I do not understand the working regarding calculating Morada’s asset beta, after taking away 30 % of the repairs and maintenance business.The exact layout of the calculation is:
Asset beta of travel services = [0·94 – (0·65 x 30%)]/70% = 1·06
May you please talk me through this part of the question for my clarity and sanity.
Why is there a division by 70%?
Thank you, sir!
January 20, 2017 at 1:55 pm #368587You will remember from my lectures on CAPM that when two streams with different betas are merged together, then the overall beta is the weighted average of the individual betas.
Here, the overall beta is 0.94, and the beta of repairs is 0.65.
Suppose the beta of travel is X.Then 70% X + (30% x 0.65) = 0.94
So…70% X = 0.94 – (30% x 0.65)
So X = (0.94 – (30% x 0.65)) / 70%
January 29, 2017 at 3:54 am #370083Thank you very much.
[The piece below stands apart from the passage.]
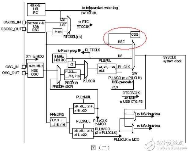 STM32 中的 CSS 功能是專門(mén)為檢測(cè)和處理 HSE 失效而設(shè)計(jì)的。但該功能在 STM32 復(fù)位后是被禁止的,須要軟件對(duì)其使能才會(huì)發(fā)揮作用。當(dāng) CSS 單元檢測(cè)到 HSE 失效時(shí),它會(huì)使能 HSI,并將系統(tǒng)時(shí)鐘切換到 HSI。同時(shí),它會(huì)關(guān)閉 HSE,如果 PLL 的輸入信號(hào)來(lái)自 HSE的輸出,它也會(huì)關(guān)閉 PLL。CSS 單元在做時(shí)鐘調(diào)整的同時(shí),也會(huì)產(chǎn)生一個(gè) NMI 中斷請(qǐng)求,和一個(gè)送給高級(jí)定時(shí)器的剎車信號(hào)。NMI 中斷請(qǐng)求會(huì)產(chǎn)生一個(gè) NMI 中斷,以便用戶程序可以在中斷服務(wù)程序中做緊急處理,而剎車信號(hào)則是使高級(jí)定時(shí)器進(jìn)入剎車狀態(tài),以防止由其控制的電機(jī)驅(qū)動(dòng)橋臂由于失去控制而過(guò)流。用戶程序可以在 NMI 中斷服務(wù)程序中嘗試恢復(fù) HSE 及 PLL 的功能,也可以使用陷阱讓程序的流程停留在服務(wù)程序中,從而等待看門(mén)狗復(fù)位整個(gè)系統(tǒng)。
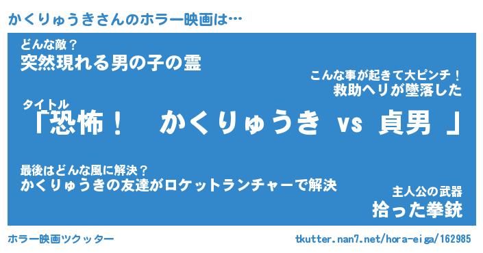 | 男性向けラノベタイトル風あだ名 | 『かくりゅうきの憂鬱』 |

I did notice a few of the answers to the questions do present the calculations a few steps ahead, in a similar fashion to this… Much appreciated, sir.
January 29, 2017 at 8:21 am #370102You are welcome 🙂
November 13, 2017 at 2:04 pm #415561Hi, Sir. May I know why does it values the repairs and maintenance business as 30%? Is it because it states “the book value of non-current assets will be reduced by 30%?
November 13, 2017 at 7:57 pm #415620Yes. Since the sale will reduce the non-current assets by 30% it must mean that they are 30% of the current total.